[DATA FOR REVIEW]
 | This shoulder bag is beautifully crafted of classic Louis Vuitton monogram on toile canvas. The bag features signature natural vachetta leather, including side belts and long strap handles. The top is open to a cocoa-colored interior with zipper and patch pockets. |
[/DATA FOR REVIEW]
[DATA FOR REVIEW]
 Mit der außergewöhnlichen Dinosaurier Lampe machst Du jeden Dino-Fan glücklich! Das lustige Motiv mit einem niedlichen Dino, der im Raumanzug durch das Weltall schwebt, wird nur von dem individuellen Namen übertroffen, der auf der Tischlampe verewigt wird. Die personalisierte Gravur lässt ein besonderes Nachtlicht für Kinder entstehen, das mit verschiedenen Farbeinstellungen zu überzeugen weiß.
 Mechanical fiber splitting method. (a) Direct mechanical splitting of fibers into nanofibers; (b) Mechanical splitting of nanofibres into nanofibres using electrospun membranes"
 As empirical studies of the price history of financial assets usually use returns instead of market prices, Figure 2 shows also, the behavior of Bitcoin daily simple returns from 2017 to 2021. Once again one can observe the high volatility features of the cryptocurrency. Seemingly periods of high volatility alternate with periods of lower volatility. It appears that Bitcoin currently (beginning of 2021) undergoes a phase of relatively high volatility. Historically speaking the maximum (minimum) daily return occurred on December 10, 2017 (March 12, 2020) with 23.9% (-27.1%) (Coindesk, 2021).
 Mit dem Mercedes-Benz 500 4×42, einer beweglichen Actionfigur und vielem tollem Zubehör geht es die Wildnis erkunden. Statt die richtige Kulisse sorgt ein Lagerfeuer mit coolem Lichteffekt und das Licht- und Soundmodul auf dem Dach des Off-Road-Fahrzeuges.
[/DATA FOR REVIEW]
TASK DETAILS
Your answer is a single number: the count of lines in the records holding the string "with".

COMPLETED TASK
2